What other thefts the little radical might wish to enumerate would remain a mystery, however, for Hannah interjected a question. “What do you mean, ‘stole the looms’? They’re built here.”

Unperturbed, Judith replied, “I mean the plans. Did you think our Boston overlords are clever enough to devise a machine of their own? No. Old Lowell crossed the sea just to spy on the Lords of Lancashire and copy their inventions, such as they are. The owners christened the new city ‘Lowell’ to honor his subterfuge. That’s how the power loom reached these free shores.”

If the Seer wished to know any more of this history, her inquiry was cut short, for another coughing fit overcame her. She released Mrs. Hanson in order to bend forward, her palms resting on her knees. While the matron winced at one girl’s hacking, she nevertheless caught a glimpse of the other’s face observing her friend keenly. How strange! Always in the past the parts were swapped: Hannah studying Judith as if she were a lesson Hannah meant to learn.

With a hand, the ginger girl gestured her desire for a handkerchief, and Mrs. Hanson obliged before Judith could supply hers.

“I should fetch Dr. Green,” said Judith, though the coughing abated.

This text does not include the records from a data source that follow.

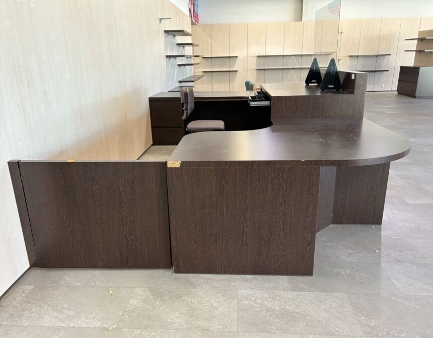 Bureel / Kassa Meubel4M breed x 2,40M diep x 73cm en 93cm en 1,11 M hoog Inclusief stoelen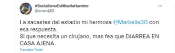 Otro usuario también apoyó a la cantante escribiendo: “La sacastes del estadio mi hermosa @Marbelle30 con esa respuesta. Si que necesita un cirujano, mas fea que DIARREA EN CASA AJENA”.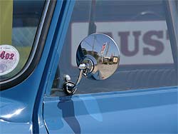 ミラーは、ルーカスタイプのフェンダーミラーをあえてスライド・ガラス部分に取り付け。 全体の雰囲気と見易さがGOOD。 |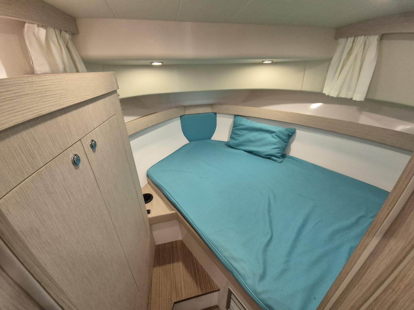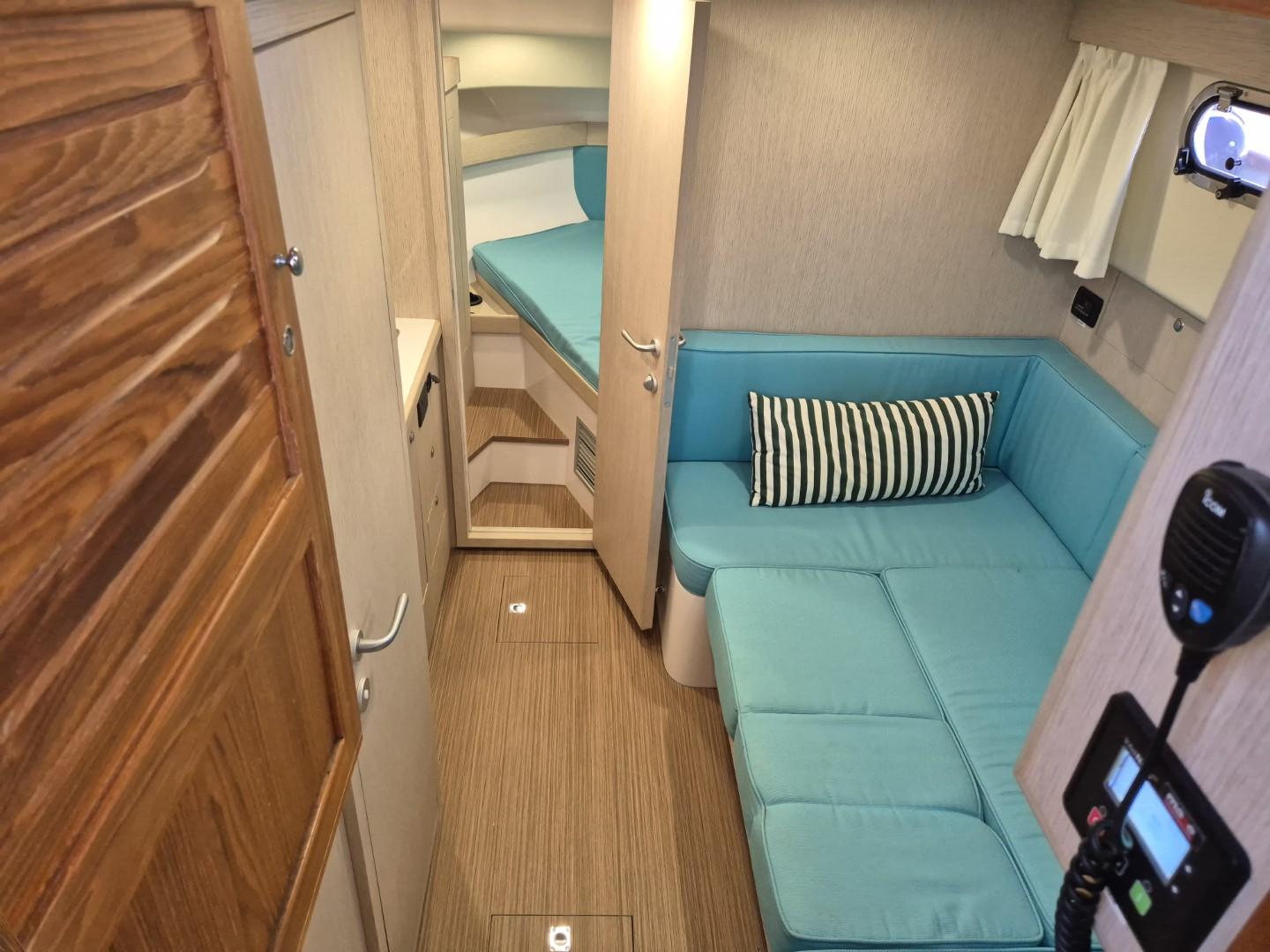Il dispose d’une belle cabine avant, d’un carré convertible et d’une cuisine intérieure fonctionnelle, le tout dans une ambiance chaleureuse et soignée.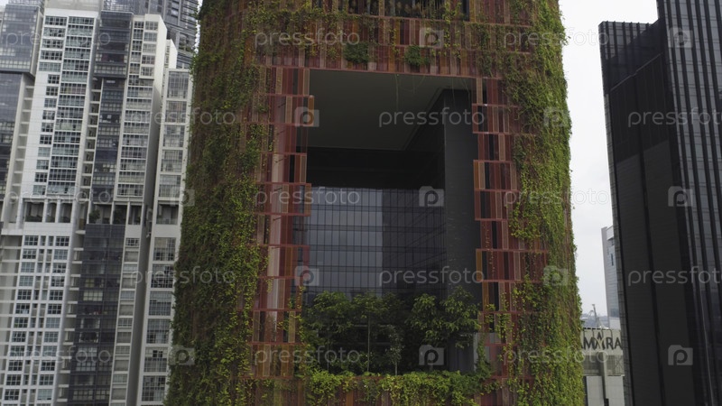 Высокая плотность зданий современного городского ландшафта и красные стены отеля с зеленым плюшем на них, Сингапур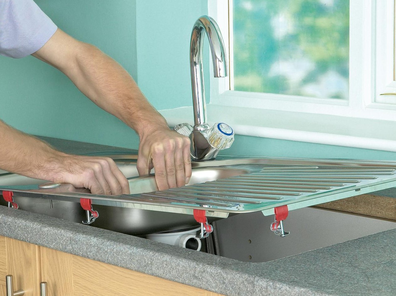 Крепеж мойки проводится с четырех углов мойки, что может потребовать «акробатических» навыков. При установке накладной мойки не забудьте заранее установить смеситель на мойку.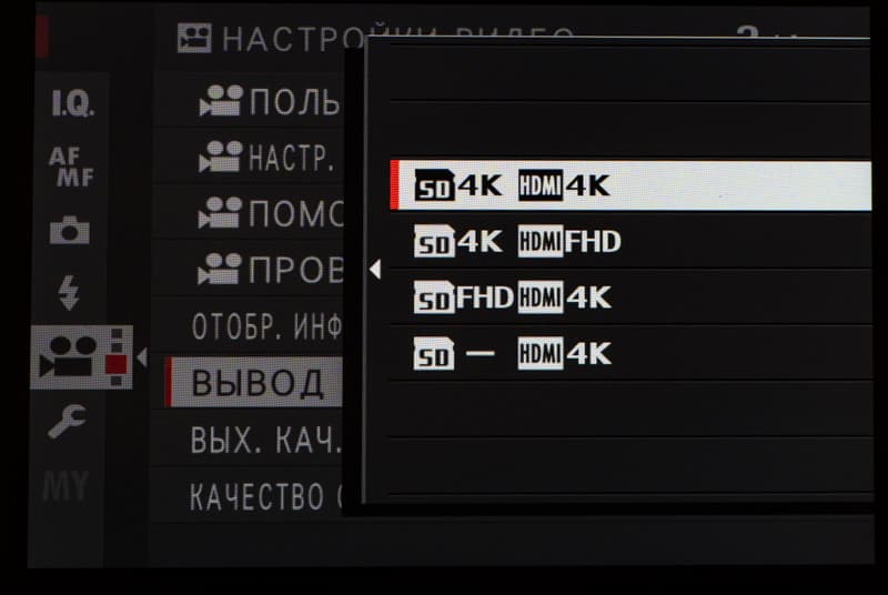 - Запись видео в формате Cinema 4K (4096×2160) и UHD 4K (3840×2160) с сохранением на карте памяти в формате 8 бит 4:2:0 или при выводе на внешний рекордер через HDMI в формате 10 бит 4:2:2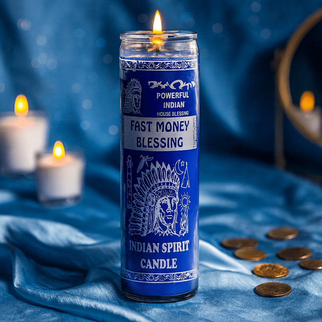 Fast Money Blessing Blue 7 Day Candle in Glass Jar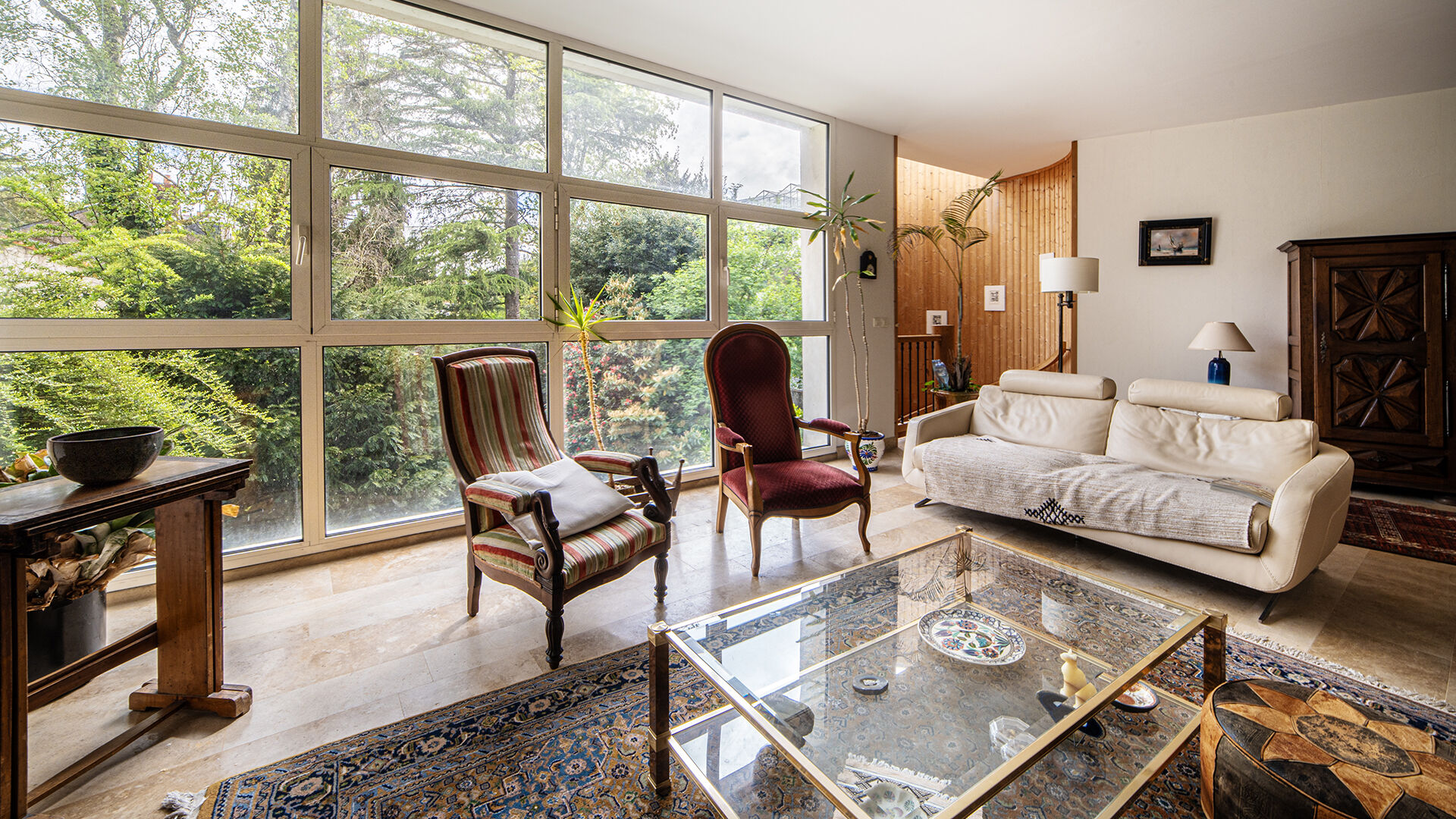 La pièce de vie, baignée de lumière grâce à une v...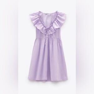 NEW Zara Pastel Lilac Purple Sleeveless Mini Dress Ruffles Tie Boho Cotton XL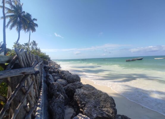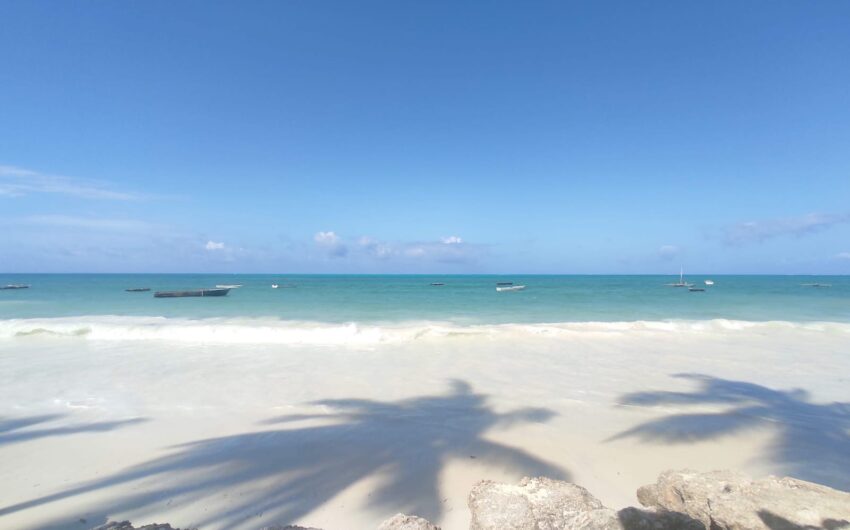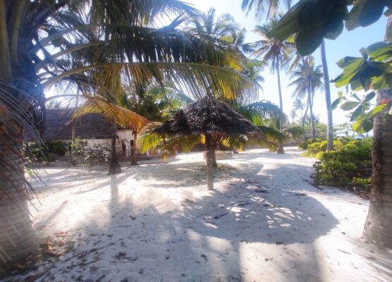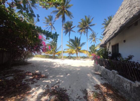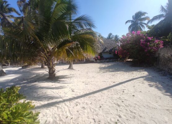 This magnificent 2,095-square-meter beachfront plot is the perfect postcard from Zanzibar. White sand, coconut trees, and those wonderful frangipani trees with their fragrant white flowers, available water (connection to the village water and well) and electricity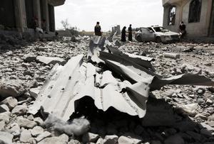 (250427) -- SANA, 27 abril, 2025 (Xinhua) -- Personas observan un automóvil dañado después de los ataques aéreos estadounidenses, en Saná, Yemen, el 27 de abril de 2025. Los ataques aéreos estadounidenses realizados durante la noche contra Saná, la capital yemení bajo control de los hutíes, abatieron a dos personas e hirieron a otras diez, informaron el domingo las autoridades sanitarias controladas por los hutíes. Los ataques se dirigieron a varios puntos de Saná, según las autoridades, que añadieron que entre los heridos había dos mujeres y tres niños. Todos los heridos fueron trasladados a hospitales locales para recibir tratamiento. (Xinhua/Mohammed Mohammed) (rtg) (da)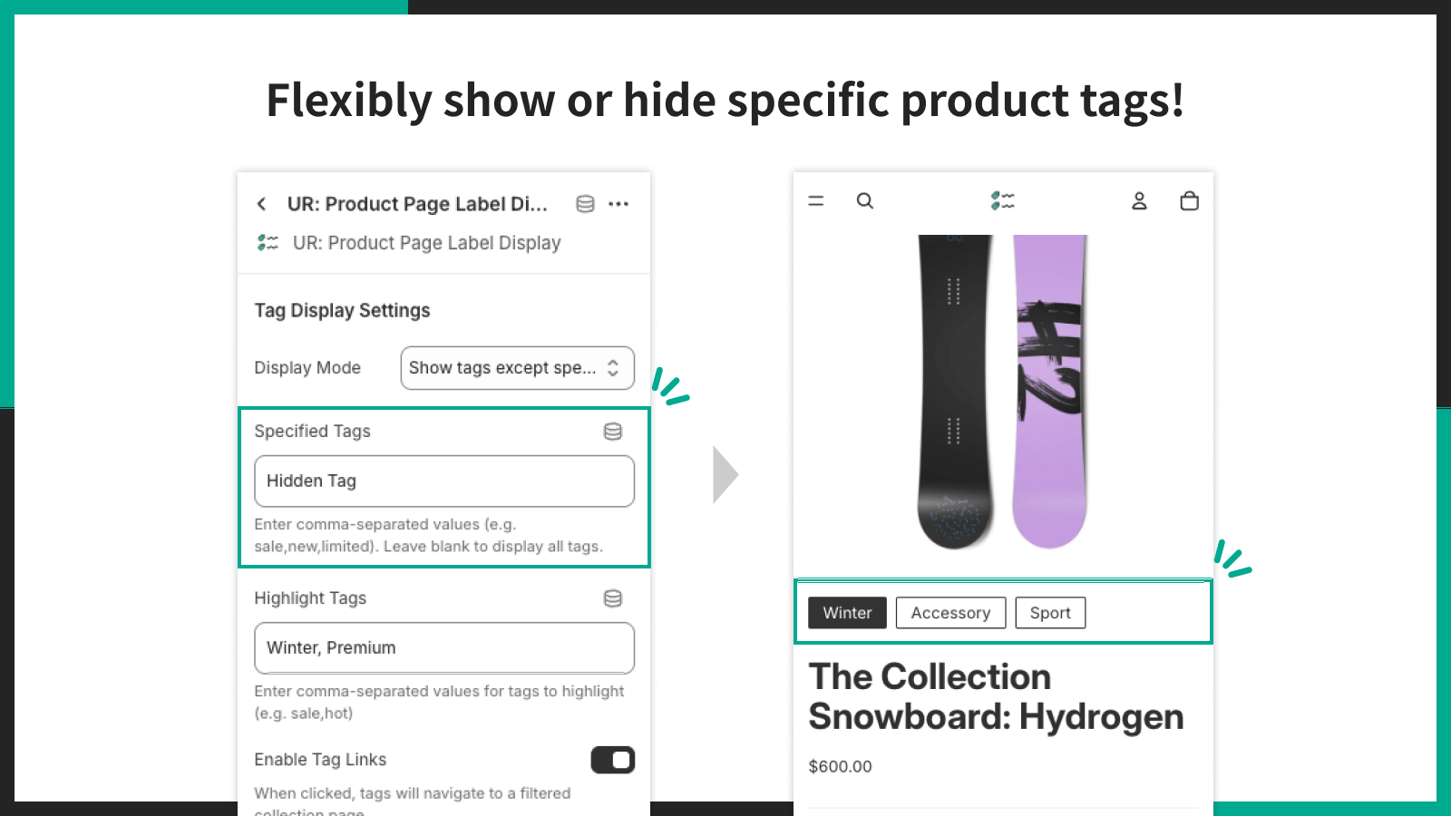 商品タグごとに表示・非表示を柔軟に切り替えられるほか、指定したタグのみを強調表示することも可能。色やテキスト、スタイルなどの見た目もノーコードでカスタマイズできるため、ブランドイメージに合わせたデザインを手軽に作成できます。

“There’s nothing to pay him,” said Hannah.

“You ought to rest now,” the matron advised. Mercifully, the Seer nodded, though her gaze lingered on Judith before passing and retreating out of the kitchen and up the stairs. The other girl moved to follow her co-conspirator, but the matron caught her with a stern glance.

“Wash up those plates, will you? I’ve already started on tomorrow’s breakfast.”

Reluctantly, the bulldog moved, retrieving the plates and spoons which she and Hannah had eaten off.

“Do you know,” said the matron, as she dusted her fingers to take up rolling and smashing dough once more, “why I stuck you up in that room beside her when you arrived in Lowell, not a friend in the world?”

“To irritate Lydia at every opportunity?”

Mrs. Hanson smiled in spite of herself. “She asked for you. I’d just sent you down to the corporation to log your name with the paymaster, when she comes and tells me, ‘Mrs. H, hers is the brightest soul I’ve ever Seen. If she is beside me, when I shut my eyes, it shall be like staring into the sun that blots out every other flame. All else will be darkness and calm.’ Did you know? Did she never tell you how she manages to sleep when phantoms and demons live on the insides of her eyelids?”

The young bulldog had gone still. “I didn’t know,” she murmured.

“Think on that when you decide to keep the strike or not.”